Chimeric antigen receptor T-cell (CAR-T) therapy has revolutionized immunotherapy, offering innovative solutions for cancer treatment. Allogeneic CAR-T therapies utilize T cells from healthy donors or such sources as umbilical cord blood and induced pluripotent stem cells, providing, scalable, off-the-shelf treatments with broader applicability and reduced waiting times, compared to autologous CAR-T therapies. The manufacturing process includes T-cell activation, genetic modification using viral vectors to express CARs, cell expansion, rigorous quality control testing, and cryopreservation for storage and shipment. These therapies demonstrate clinical efficacy in hematologic malignancies, making them cost-effective and accessible to patients unsuitable for autologous approaches. In contrast, autologous CAR-T therapies leverage a patient’s own T cells to create personalized, highly targeted treatments. Beginning with T-cell collection via apheresis, the process involves activation, genetic engineering to express CARs targeting specific cancer antigens, cell expansion, and thorough quality control. Despite challenges in T-cell quality and manufacturing complexity, autologous CAR-T therapies have shown remarkable success in treating acute lymphoblastic leukemia and non-Hodgkin lymphoma, offering hope to patients who have exhausted other treatment options. Together, both approaches highlight the transformative potential of CAR-T therapies in cancer treatment.

Introduction

Allogeneic chimericantigenreceptorT-cell (CAR-T) therapies represent a remarkable advancement in the field of immunotherapy, aiming to provide off-the-shelf cellular treatments for various forms of cancer (1). This innovative approach differs from autologous CAR-T therapies, which utilize a patient's own T cells in a process that can be time-consuming and is tailored to each patient. In the case of allogeneic CAR-T therapies, the process is designed for more extensive scalability and wider applicability.

Allogeneic CAR-T therapy manufacturing

The manufacturing journey of allogeneic CAR-T cellular therapies begins with the collection of healthy donor T cells (type of white blood cells). These T cells are typically isolated from peripheral blood mononuclear cells from healthy donors, umbilical cord blood, or derived from induced pluripotent stem cells (iPSCs), offering a significant advantage in terms of consistency and availability when compared to autologous approaches (1). Once collected, the T cells are then transported to a manufacturing facility, where they undergo a multi-step process to become potent CAR-T cells.

The first critical step is T-cell activation, which involves exposing the collected T-cells to specific stimulation, often utilizing activation beads, such as Dynabeads (for cell isolation and expansion) or other methods (2,3). Activation is a pivotal moment in the process, as it prompts the T cells to become highly functional and receptive to genetic modification. Activation effects the CAR-T transduction efficiency, rate of CAR-T cell expansion, and differentiation (3). The next step involves genetic engineering of the cells. During this stage, the T cells are manipulated (transduced with CAR genes) to express CARs (synthetic receptors that enable T cells to recognize and target cancer cells) on their surface (2). These CARs are typically designed to recognize specific antigens commonly found on the surface of cancer cells, such as CD19 for B-cell malignancies (2).

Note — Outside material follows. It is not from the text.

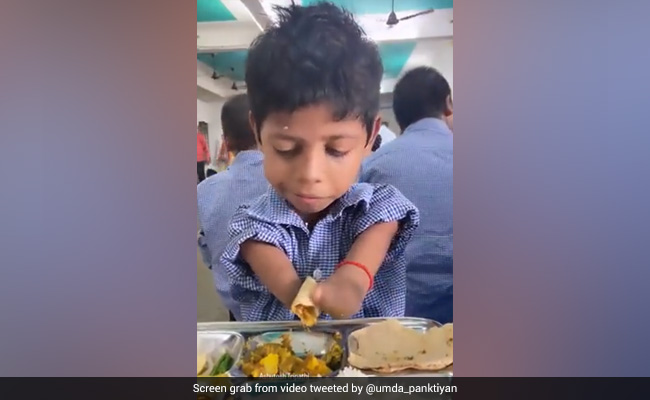 The clip, shared on Twitter, shows a boy, in a uniform, eating his lunch at what appears to be a school canteen. Upon looking closer, one can see that both hands of the child are amputated from below the elbow.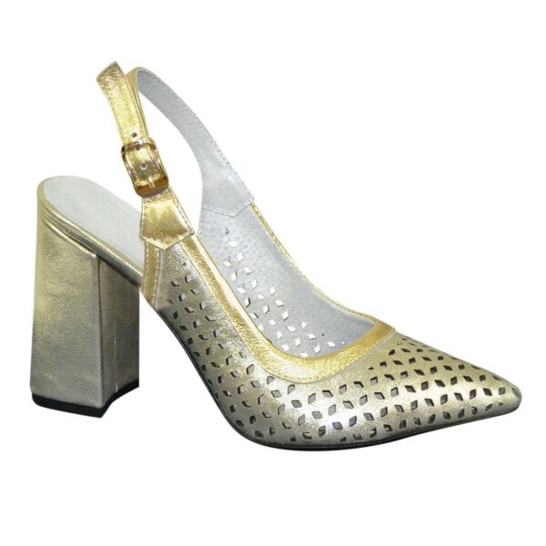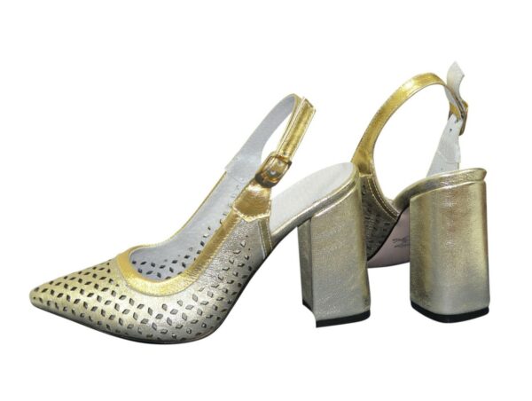 Витончені жіночі босоніжки-туфлі з гострим носком на обтяжному підборі 10 см. підошва блочна. Зі натуральної шкіри золотого кольору з наскрізною перфорацією. Повномірні, розраховані на стандартну повноту стегна. Відповідають стандартній розмірній сітці. Можливий відшив у шкірі, замші різних кольорів.

The introduction of CARs into the T cells is usually achieved using viral vectors, such as lentiviral or gamma retroviral vectors (the main two classes of retroviral vectors that are derived from enveloped RNA viruses of the retroviridae family), adenoviruses, and adeno-associated viruses (4,5). These vectors deliver the genetic load into the T cells, leading to the expression of CARs on the cell surface. This genetic modification provides the T cells with the ability to identify and destroy cancer cells, effectively turning them into CAR-T cells.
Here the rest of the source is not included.